Как передает портал InFuture, антилазер может быть «настроен» на работу в конкретной длине световой волны, что позволяет исследователям управлять запуском и остановкой поглощения света антилазером. Испытатели надеются, что изобретение сможет стать полезным, например, в новых типах оптических коммутаторов для компьютеров.

«Это удивительно, что мы использовали лазеры на протяжении 50 лет или около того, и только теперь кто-то заметил нечто фундаментальное», —рассказала Марина Сольякс, физик из Массачусетского технологического института, который не участвует в этой работе.

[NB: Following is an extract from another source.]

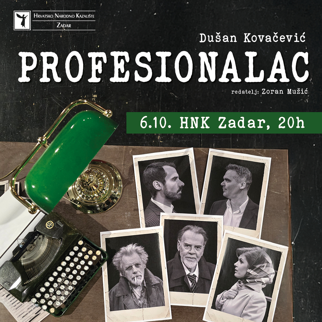 Ususret novoj kazališnoj sezoni u HNK Zadar u ponedjeljak, 6. listopada u 20 sati pogledajte predstavu PROFESIONALAC- kultno djelo Dušana Kovačevića, autora klasika Balkanski špijun i Maratonci trče počasni krug.

Американские учение создали концепцию антилазера, когда раздумывали над тем, что может произойти, если материал внутри лазера, который отражает фотоны, «активную среду», заменить на материал, который поглощает свет. При правильной конфигурации поглощающий материал «всасывает» большую часть фотонов, посланных в него, в то время как остальные световые волны сокращаются, сталкиваясь друг с другом.

Команда Йельского университета называет устройство «идеальным когерентным поглотителем». Другое его название — «лазер обратного течения времени», поскольку он работает как лазер в обратном порядке, используя поглощающую среду, а не усиливающую, говорит доктор Йидонг Чонг.

----------